* Task goal
Only one stretch of the data below is wanted: the lines starting at the one with "In deze tweede" and ending at the one with "作為一款中級商務車,新君越在", both included, given again exactly.

* Task inputs
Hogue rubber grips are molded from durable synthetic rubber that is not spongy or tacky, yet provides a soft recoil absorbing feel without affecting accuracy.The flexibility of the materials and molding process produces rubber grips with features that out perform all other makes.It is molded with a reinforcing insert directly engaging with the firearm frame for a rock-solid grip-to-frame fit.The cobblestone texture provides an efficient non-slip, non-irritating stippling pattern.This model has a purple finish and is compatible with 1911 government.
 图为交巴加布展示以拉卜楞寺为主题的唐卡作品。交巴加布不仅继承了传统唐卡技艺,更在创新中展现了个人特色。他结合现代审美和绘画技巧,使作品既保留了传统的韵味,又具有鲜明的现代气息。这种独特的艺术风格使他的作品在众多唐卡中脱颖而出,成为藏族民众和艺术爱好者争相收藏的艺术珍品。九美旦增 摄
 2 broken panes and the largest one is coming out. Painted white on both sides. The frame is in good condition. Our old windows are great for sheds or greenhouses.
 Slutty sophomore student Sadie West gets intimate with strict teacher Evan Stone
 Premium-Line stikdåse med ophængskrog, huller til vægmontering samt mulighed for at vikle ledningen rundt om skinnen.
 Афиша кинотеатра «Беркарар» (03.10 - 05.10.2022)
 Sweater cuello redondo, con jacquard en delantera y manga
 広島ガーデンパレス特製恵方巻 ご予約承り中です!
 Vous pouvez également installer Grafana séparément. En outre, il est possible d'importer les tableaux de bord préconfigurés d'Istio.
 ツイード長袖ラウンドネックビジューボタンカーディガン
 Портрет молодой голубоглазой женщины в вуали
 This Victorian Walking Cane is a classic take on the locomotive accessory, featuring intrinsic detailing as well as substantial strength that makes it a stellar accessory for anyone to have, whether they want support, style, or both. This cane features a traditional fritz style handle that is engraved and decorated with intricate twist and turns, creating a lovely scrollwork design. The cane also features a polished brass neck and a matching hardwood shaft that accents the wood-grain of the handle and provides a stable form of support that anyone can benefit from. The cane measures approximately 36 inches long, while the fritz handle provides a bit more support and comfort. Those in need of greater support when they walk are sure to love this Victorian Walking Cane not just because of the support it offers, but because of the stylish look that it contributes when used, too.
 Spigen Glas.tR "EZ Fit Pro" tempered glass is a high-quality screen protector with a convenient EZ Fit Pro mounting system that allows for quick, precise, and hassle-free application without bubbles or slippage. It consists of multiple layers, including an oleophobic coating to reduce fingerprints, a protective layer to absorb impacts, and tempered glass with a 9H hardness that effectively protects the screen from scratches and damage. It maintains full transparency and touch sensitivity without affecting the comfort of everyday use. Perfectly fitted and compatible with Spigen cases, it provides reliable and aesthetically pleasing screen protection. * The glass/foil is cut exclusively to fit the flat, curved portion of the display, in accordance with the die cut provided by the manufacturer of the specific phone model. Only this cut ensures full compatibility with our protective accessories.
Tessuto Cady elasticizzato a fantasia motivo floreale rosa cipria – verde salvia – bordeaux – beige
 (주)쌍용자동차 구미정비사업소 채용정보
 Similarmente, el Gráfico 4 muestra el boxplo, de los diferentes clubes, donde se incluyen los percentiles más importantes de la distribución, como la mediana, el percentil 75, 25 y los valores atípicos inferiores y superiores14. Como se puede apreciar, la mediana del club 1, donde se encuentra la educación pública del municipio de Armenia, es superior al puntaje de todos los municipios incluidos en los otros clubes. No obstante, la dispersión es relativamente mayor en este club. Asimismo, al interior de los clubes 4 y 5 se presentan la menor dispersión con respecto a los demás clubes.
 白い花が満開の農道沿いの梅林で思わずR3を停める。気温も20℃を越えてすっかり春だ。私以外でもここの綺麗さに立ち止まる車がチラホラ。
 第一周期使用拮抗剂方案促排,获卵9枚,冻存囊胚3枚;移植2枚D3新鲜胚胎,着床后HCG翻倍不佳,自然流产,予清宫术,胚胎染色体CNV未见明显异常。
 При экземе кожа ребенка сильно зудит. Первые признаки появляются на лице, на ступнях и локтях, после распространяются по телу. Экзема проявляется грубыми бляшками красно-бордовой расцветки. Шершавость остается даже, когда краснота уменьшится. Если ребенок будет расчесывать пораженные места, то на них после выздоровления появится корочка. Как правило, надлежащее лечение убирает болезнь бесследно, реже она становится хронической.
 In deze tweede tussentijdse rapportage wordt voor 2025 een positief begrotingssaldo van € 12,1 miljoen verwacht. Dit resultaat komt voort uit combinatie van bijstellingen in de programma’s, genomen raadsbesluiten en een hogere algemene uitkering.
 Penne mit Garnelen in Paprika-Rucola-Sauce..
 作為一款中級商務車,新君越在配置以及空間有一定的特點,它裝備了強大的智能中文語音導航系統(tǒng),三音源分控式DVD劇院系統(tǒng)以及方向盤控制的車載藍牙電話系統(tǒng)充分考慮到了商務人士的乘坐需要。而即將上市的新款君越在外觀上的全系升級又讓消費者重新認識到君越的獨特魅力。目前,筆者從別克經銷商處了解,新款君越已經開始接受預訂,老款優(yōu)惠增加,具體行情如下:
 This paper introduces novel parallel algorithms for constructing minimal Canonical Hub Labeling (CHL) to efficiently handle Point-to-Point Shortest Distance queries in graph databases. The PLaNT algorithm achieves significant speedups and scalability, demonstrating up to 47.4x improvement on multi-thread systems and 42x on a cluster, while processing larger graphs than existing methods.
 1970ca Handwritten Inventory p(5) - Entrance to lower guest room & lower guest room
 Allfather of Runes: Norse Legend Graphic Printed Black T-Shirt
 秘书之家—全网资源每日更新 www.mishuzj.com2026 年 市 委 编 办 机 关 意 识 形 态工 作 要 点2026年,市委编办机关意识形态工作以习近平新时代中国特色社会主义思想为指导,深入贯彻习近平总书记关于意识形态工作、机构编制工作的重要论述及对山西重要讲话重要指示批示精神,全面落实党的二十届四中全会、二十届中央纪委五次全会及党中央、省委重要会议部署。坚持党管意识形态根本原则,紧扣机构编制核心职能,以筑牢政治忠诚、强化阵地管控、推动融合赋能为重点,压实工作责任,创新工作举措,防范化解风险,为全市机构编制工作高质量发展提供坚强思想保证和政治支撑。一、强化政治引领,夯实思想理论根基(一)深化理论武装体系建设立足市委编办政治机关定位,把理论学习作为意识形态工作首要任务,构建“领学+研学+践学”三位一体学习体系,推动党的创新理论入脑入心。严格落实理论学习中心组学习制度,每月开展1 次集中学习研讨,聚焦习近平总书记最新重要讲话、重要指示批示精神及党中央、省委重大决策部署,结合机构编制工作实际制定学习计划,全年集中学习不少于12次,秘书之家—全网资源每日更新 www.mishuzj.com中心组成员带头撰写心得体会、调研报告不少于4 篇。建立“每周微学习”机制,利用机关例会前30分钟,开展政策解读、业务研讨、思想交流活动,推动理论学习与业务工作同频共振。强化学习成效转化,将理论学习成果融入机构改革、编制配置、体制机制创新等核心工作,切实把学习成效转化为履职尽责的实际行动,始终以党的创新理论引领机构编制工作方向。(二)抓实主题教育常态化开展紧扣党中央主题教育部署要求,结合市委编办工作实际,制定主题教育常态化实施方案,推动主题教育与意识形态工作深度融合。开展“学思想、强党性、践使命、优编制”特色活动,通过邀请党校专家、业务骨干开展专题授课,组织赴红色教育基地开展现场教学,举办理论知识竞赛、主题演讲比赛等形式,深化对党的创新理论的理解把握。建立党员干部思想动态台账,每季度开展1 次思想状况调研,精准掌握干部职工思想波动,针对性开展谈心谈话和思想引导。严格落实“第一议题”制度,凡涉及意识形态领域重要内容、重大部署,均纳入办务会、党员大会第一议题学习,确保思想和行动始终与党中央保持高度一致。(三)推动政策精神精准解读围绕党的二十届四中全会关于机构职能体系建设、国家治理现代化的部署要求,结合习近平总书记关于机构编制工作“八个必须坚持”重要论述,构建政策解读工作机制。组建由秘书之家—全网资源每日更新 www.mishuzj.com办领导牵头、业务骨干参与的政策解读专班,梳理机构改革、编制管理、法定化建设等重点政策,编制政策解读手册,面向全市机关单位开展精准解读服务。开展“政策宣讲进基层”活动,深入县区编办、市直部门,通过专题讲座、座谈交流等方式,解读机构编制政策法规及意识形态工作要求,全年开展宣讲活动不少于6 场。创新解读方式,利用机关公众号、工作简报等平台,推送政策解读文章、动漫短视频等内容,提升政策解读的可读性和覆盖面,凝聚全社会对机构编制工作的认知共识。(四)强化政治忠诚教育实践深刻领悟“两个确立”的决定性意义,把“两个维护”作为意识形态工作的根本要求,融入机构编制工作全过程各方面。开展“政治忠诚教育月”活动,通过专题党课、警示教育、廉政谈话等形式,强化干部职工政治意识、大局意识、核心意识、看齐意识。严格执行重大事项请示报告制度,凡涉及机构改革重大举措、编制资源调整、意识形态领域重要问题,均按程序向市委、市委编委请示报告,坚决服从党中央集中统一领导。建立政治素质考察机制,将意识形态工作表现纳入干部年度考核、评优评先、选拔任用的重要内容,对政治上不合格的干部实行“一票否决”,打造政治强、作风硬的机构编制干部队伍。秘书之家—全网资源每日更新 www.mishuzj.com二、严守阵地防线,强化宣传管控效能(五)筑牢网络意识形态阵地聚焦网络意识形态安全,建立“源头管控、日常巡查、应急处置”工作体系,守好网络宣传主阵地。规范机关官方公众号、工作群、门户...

* Result of this exercise
 In deze tweede tussentijdse rapportage wordt voor 2025 een positief begrotingssaldo van € 12,1 miljoen verwacht. Dit resultaat komt voort uit combinatie van bijstellingen in de programma’s, genomen raadsbesluiten en een hogere algemene uitkering.
 Penne mit Garnelen in Paprika-Rucola-Sauce..
 作為一款中級商務車,新君越在配置以及空間有一定的特點,它裝備了強大的智能中文語音導航系統(tǒng),三音源分控式DVD劇院系統(tǒng)以及方向盤控制的車載藍牙電話系統(tǒng)充分考慮到了商務人士的乘坐需要。而即將上市的新款君越在外觀上的全系升級又讓消費者重新認識到君越的獨特魅力。目前,筆者從別克經銷商處了解,新款君越已經開始接受預訂,老款優(yōu)惠增加,具體行情如下:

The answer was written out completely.